Work request
Copy nothing but the lines from the line with "Продава се уютен" to the end of the records, retyped exactly. Pictures stay out.

Provided data
--------------------------------

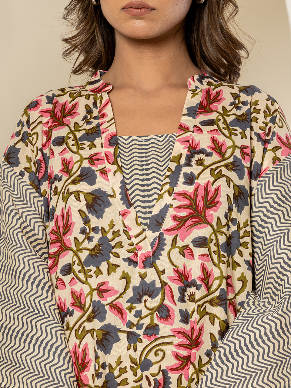 Chic off white slate - 2 piece Pure Cotton Kaftan Set
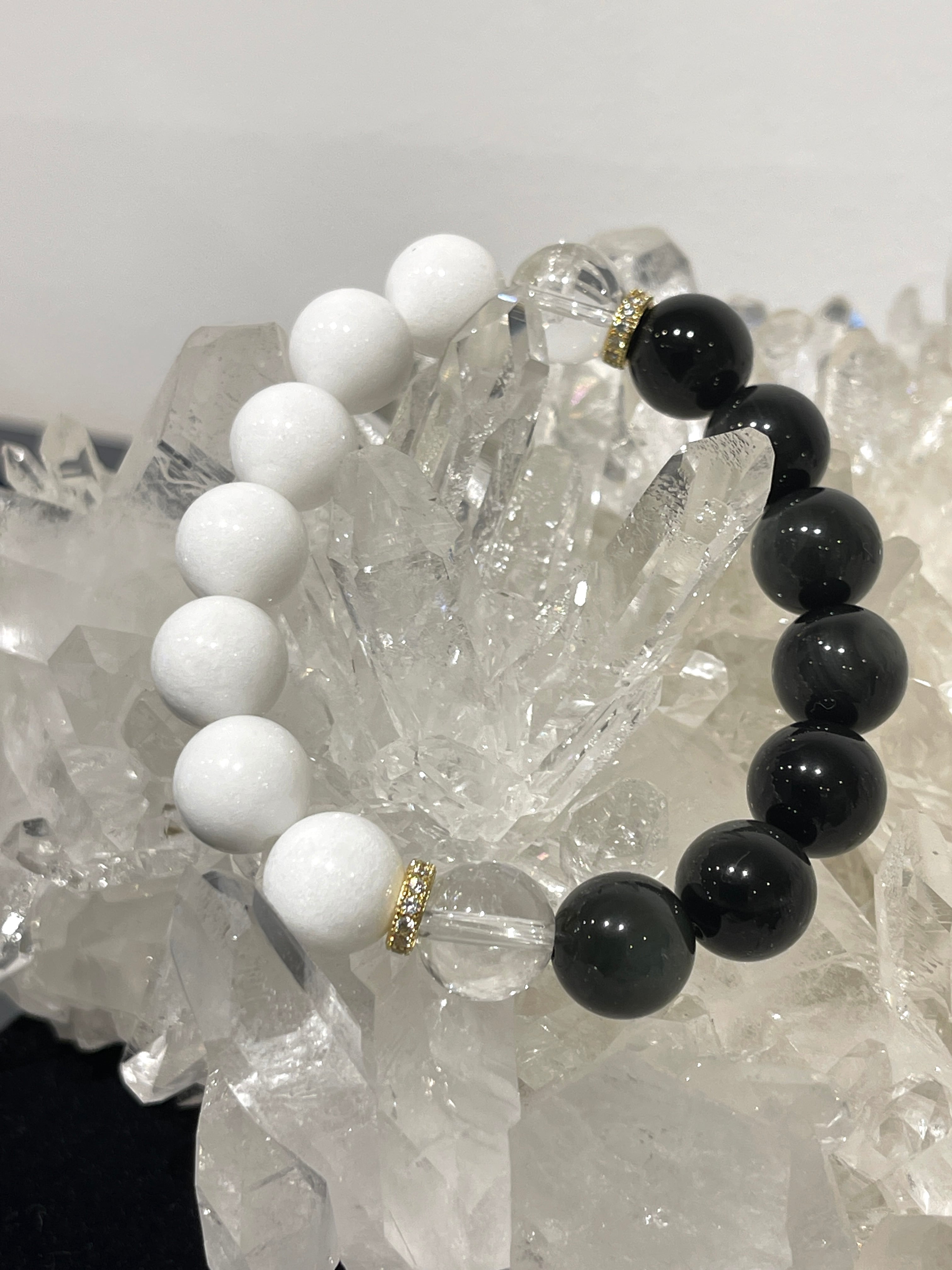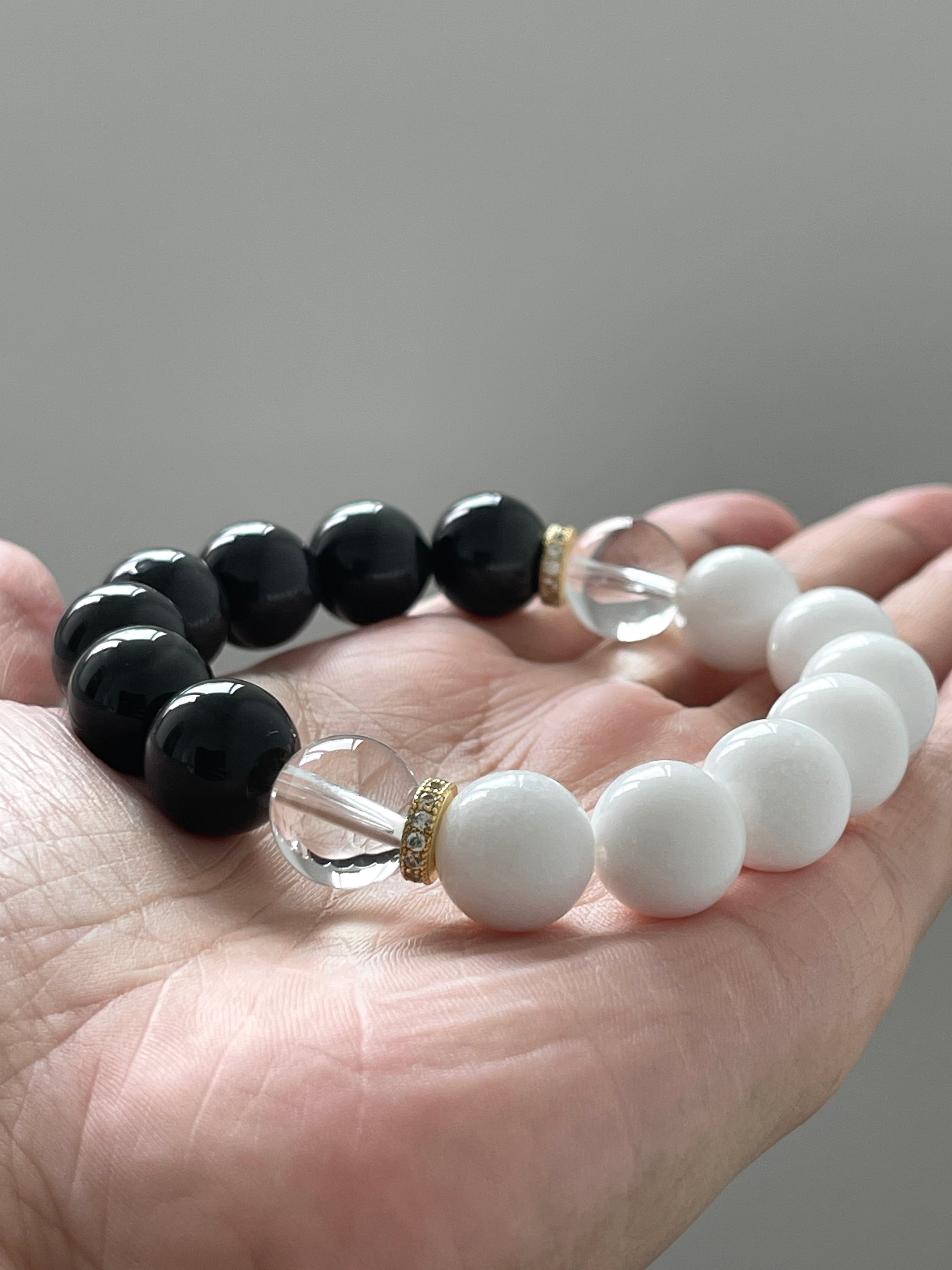 【陰と陽の調和】黒と白♡パワーストーンブレスレット
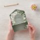 The combination of the dark sage green background, the white blur overlay, and the white floral frame creates a harmonious and visually striking composition. This wedding invitation design promises to capture the attention of recipients and convey the elegance and beauty of the upcoming celebration. Created by Simply Farmhouse Press.
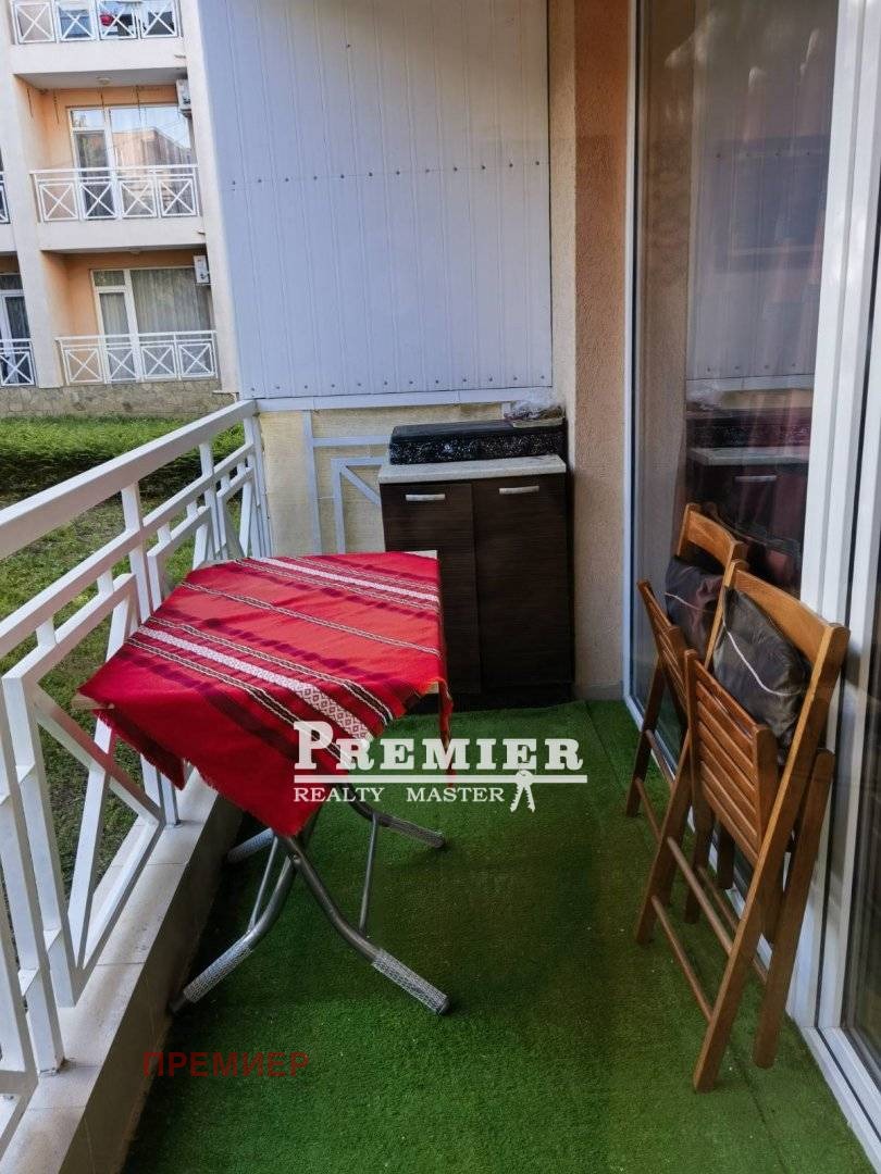 Продава се уютен двустаен апартамент в тих, охраняем комплекс, който се намира на 3 км от курорта Слънчев бряг. Апартаментът е на първи висок етаж от четириетажна сграда, напълно обзаведен и оборудван с всички необходими домакински уреди. На територията на комплекса има всички удобства и забавления от различен вид: ресторант с тераса, бар, магазин, рецепция, 5 открити басейна, 2 тенис корта, футболно, баскетболно, спортни и детски площадки и др. Апартаментът е подходящ за постоянно живеене.
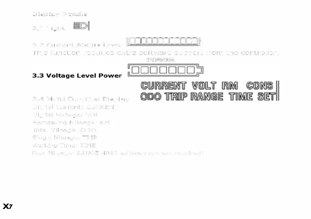 Nilox X7 - Display Details; Light; Voltage Level Power; Multi-Function Display
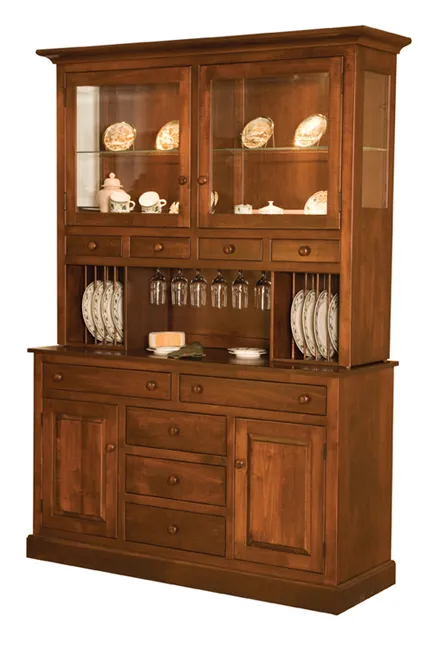 This hutch features large beveled glass doors on top along with 4 small wood drawers for storing linens or flatware. The open deck with wine glass holders leaves room to prepare drinks or serve food.
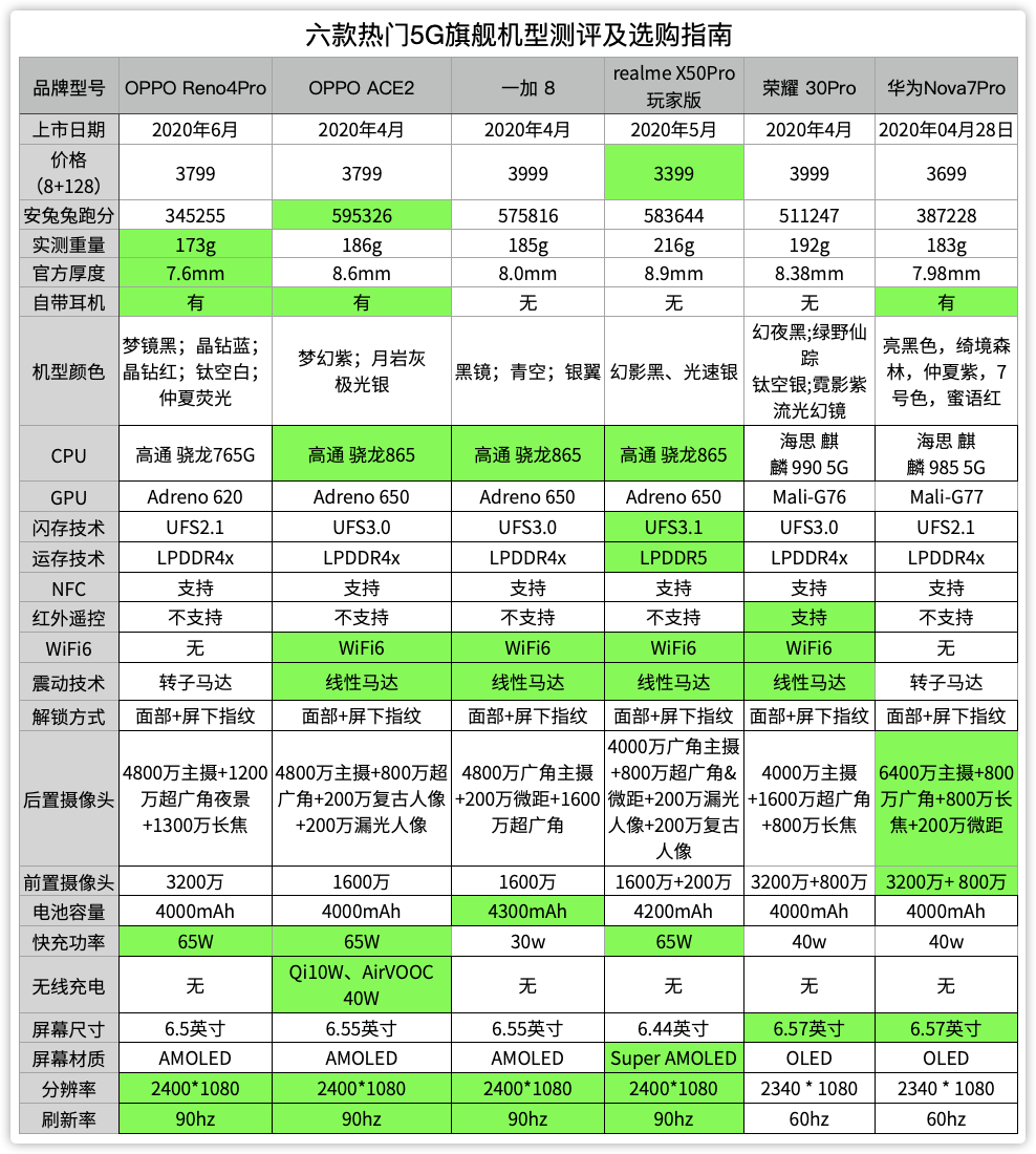OPPO Reno4 Pro、OPPO ACE 2、N80H58Vconeplus 8、realmeX 50Pro玩家版、王者HONOR 30 Pro、宏碁HUAWEI nova 7Pro选购指南及对照评定ing。

--------------------------------

Response area
 Продава се уютен двустаен апартамент в тих, охраняем комплекс, който се намира на 3 км от курорта Слънчев бряг. Апартаментът е на първи висок етаж от четириетажна сграда, напълно обзаведен и оборудван с всички необходими домакински уреди. На територията на комплекса има всички удобства и забавления от различен вид: ресторант с тераса, бар, магазин, рецепция, 5 открити басейна, 2 тенис корта, футболно, баскетболно, спортни и детски площадки и др. Апартаментът е подходящ за постоянно живеене.
 Nilox X7 - Display Details; Light; Voltage Level Power; Multi-Function Display
 This hutch features large beveled glass doors on top along with 4 small wood drawers for storing linens or flatware. The open deck with wine glass holders leaves room to prepare drinks or serve food.
OPPO Reno4 Pro、OPPO ACE 2、N80H58Vconeplus 8、realmeX 50Pro玩家版、王者HONOR 30 Pro、宏碁HUAWEI nova 7Pro选购指南及对照评定ing。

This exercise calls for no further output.